Basic Setup
Swift is designed to provide seamless compatibility with Cocoa and Objective-C. You can use Objective-C APIs (ranging from system frameworks to your own custom code) in Swift, and you can use Swift APIs in Objective-C. This compatibility makes Swift an easy, convenient, and powerful tool to integrate into your Cocoa app development workflow.
This guide covers three important aspects of this compatibility that you can use to your advantage when developing Cocoa apps:
Interoperability lets you interface between Swift and Objective-C code, allowing you to use Swift classes in Objective-C and to take advantage of familiar Cocoa classes, patterns, and practices when writing Swift code.
Mix and match allows you to create mixed-language apps containing both Swift and Objective-C files that can communicate with each other.
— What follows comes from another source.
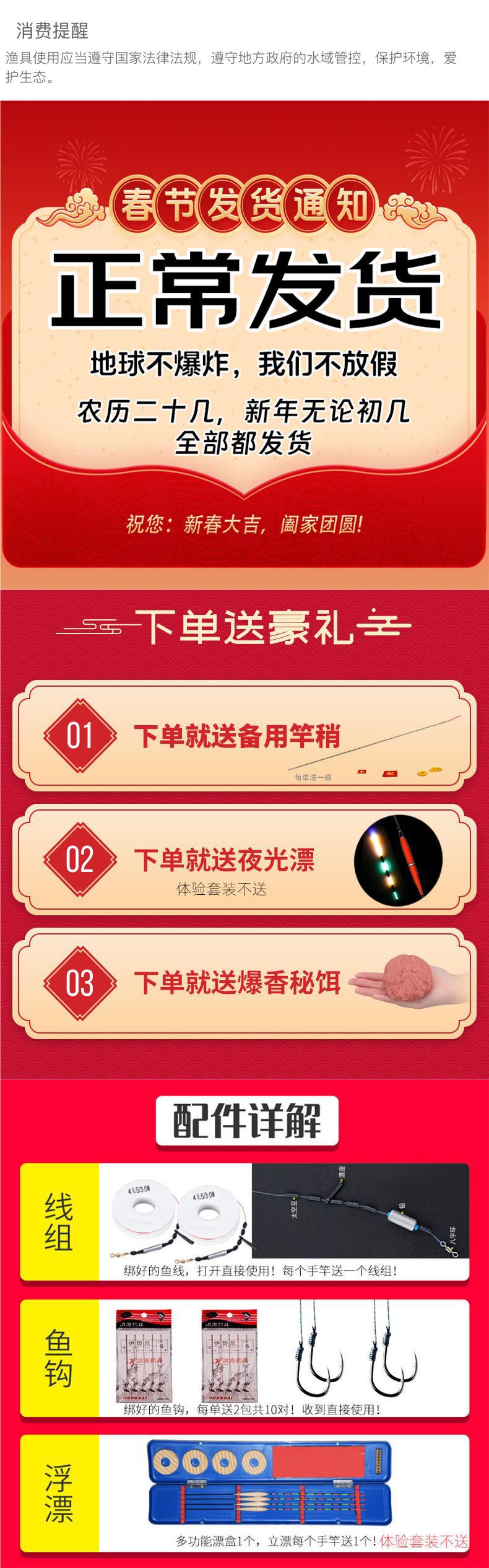 • 7.2m 6.3+ 5.4m + 낚시 장비 풀 세트 보내기

Migration from existing Objective-C code to Swift is made easy with interoperability and mix and match, making it possible to replace parts of your Objective-C apps with the latest Swift features.
Before you get started learning about these features, you need a basic understanding of how to set up a Swift environment in which you can access Cocoa system frameworks.
Setting Up Your Swift Environment
To start experimenting with accessing Cocoa frameworks in Swift, create a Swift-based app from one of the Xcode templates.
To create a Swift project in Xcode
Choose File > New > Project > (iOS or OS X) > Application > your template of choice.
Click the Language pop-up menu and choose Swift.
A Swift project’s structure is nearly identical to an Objective-C project, with one important distinction: Swift has no header files. There is no explicit delineation between the implementation and the interface, so all the information about a particular class resides in a single .swift
file.
From here, you can start experimenting by writing Swift code in the app delegate, or you can create a new Swift class file by choosing File > New > File > (iOS or OS X) > Other > Swift.
Understanding the Swift Import Process
After you have your Xcode project set up, you can import any framework from the Cocoa platform to start working with Objective-C from Swift.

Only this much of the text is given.